T24, p24 = stats.mannwhitneyu(data['C4.5+m'], data['C4.5+m+cf'])
print('p-value 2-4: ', p24)

p-value 2-4:  0.5


In [10]:
#H0: C4.5+cf = C4.5+m+cf
#H1: C4.5+cf != C4.5+m+cf

T34, p34 = stats.mannwhitneyu(data['C4.5+cf'], data['C4.5+m+cf'])
print('p-value 3-4: ', p34)

p-value 3-4:  0.3146960224969628


Comparing 4 classifiers with each other, we tested 6 hypotheses H0, we couldn't reject any one of them. Let's make a correction for multiple validation. Let's start with the Holm method.

### 2. Holm method

In [11]:
dict = {'pares': ['C4.5_C4.5m', 'C4.5_C4.5cf', 'C4.5_C4.5mcf','C4.5m_C4.5cf', 'C4.5m_C4.5mcf', 'C4.5cf_C4.5mcf'], 
        'p-value': [p12, p13, p14, p23, p24, p34]}
df = pd.DataFrame(data=dict)

In [12]:
df

Unnamed: 0,pares,p-value
0,C4.5_C4.5m,0.322878
1,C4.5_C4.5cf,0.5
2,C4.5_C4.5mcf,0.306606
3,C4.5m_C4.5cf,0.339589
4,C4.5m_C4.5mcf,0.5
5,C4.5cf_C4.5mcf,0.314696


In [13]:
from statsmodels.sandbox.stats.multicomp import multipletests 

In [14]:
reject, p_correct, a1, a2 = multipletests(df['p-value'], alpha = 0.05, method = 'holm') 

In [15]:
df['p_correct'] = p_correct
df['reject'] = reject

In [16]:
df

Unnamed: 0,pares,p-value,p_correct,reject
0,C4.5_C4.5m,0.322878,1.0,False
1,C4.5_C4.5cf,0.5,1.0,False
2,C4.5_C4.5mcf,0.306606,1.0,False
3,C4.5m_C4.5cf,0.339589,1.0,False
4,C4.5m_C4.5mcf,0.5,1.0,False
5,C4.5cf_C4.5mcf,0.314696,1.0,False


We still can't reject any one H0. Moreover, the p-value has increased in all cases.

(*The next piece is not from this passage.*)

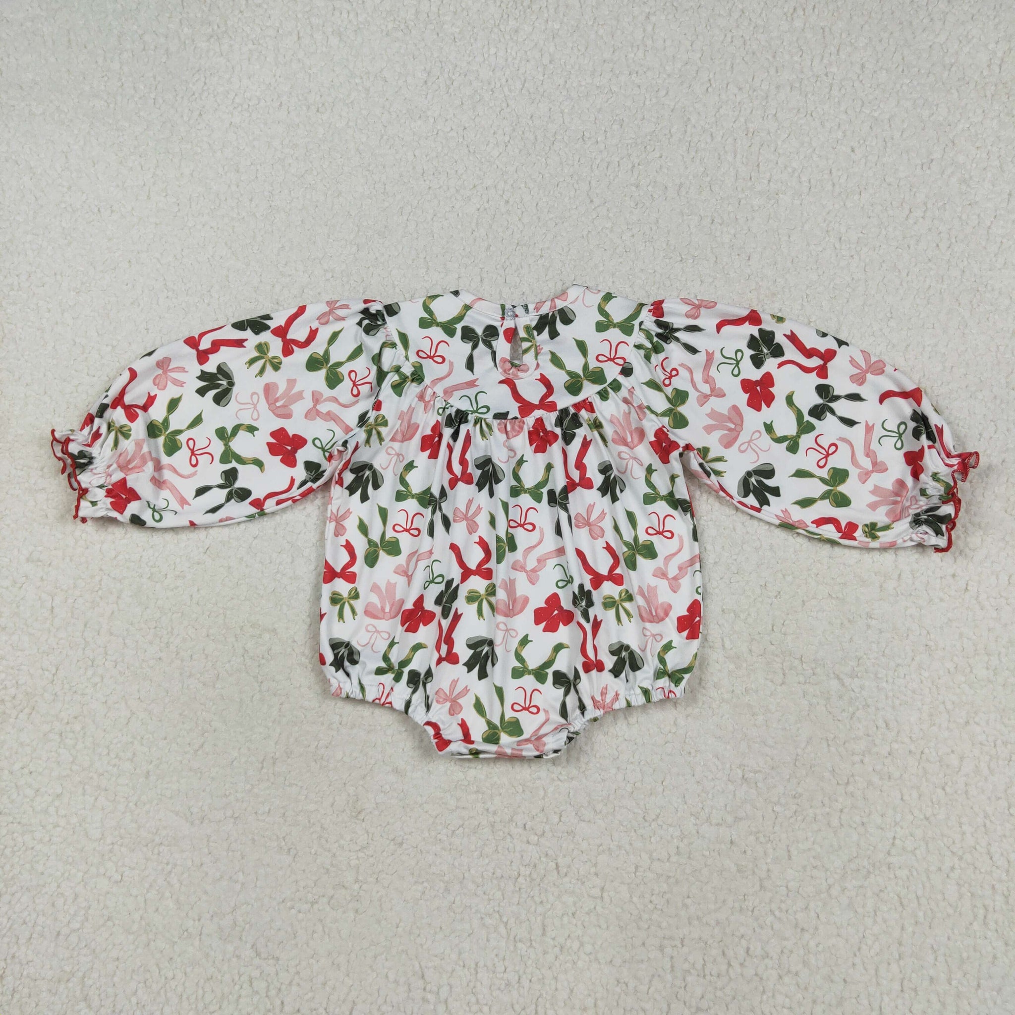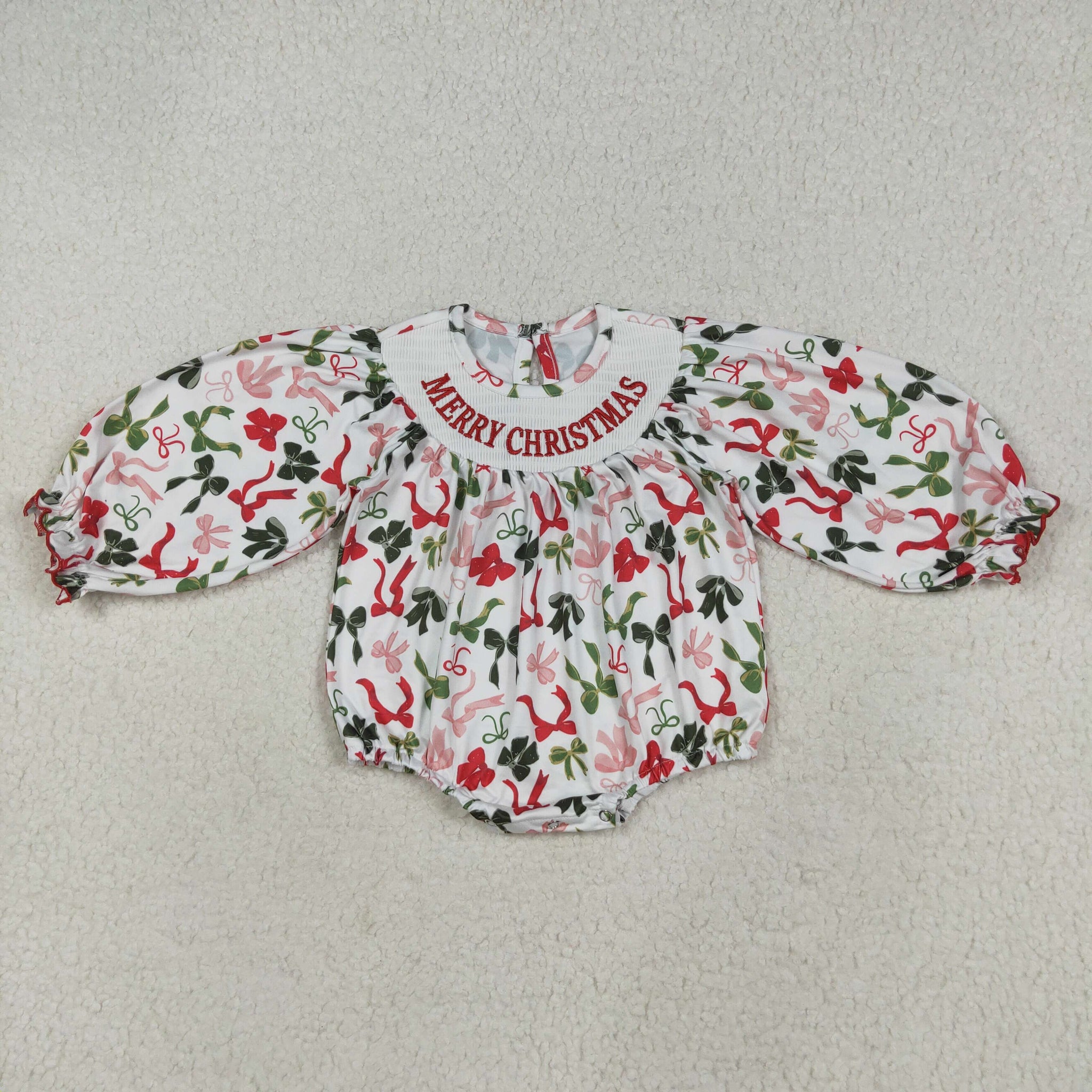 LR2276 baby girls MERRY Christmas green red bow romper smocked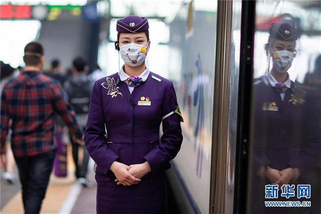 5月8日,在南京火車站站臺上,一名列車員戴著“笑臉口罩”迎接旅客上車。 當日是世界微笑日。 新華社發(fā)(蘇陽 攝)

### 3. Benjamini–Hochberg method

In [17]:
reject, p_correct, a1, a2 = multipletests(df['p-value'], alpha = 0.05, method = 'fdr_bh') 

In [18]:
df['p_correct'] = p_correct
df['reject'] = reject

In [19]:
df

Unnamed: 0,pares,p-value,p_correct,reject
0,C4.5_C4.5m,0.322878,0.5,False
1,C4.5_C4.5cf,0.5,0.5,False
2,C4.5_C4.5mcf,0.306606,0.5,False
3,C4.5m_C4.5cf,0.339589,0.5,False
4,C4.5m_C4.5mcf,0.5,0.5,False
5,C4.5cf_C4.5mcf,0.314696,0.5,False


As in the Holm method, we can't reject any one H0. However, Benjamini–Hochberg method uses more 'soft' correction for multiple validation than method before.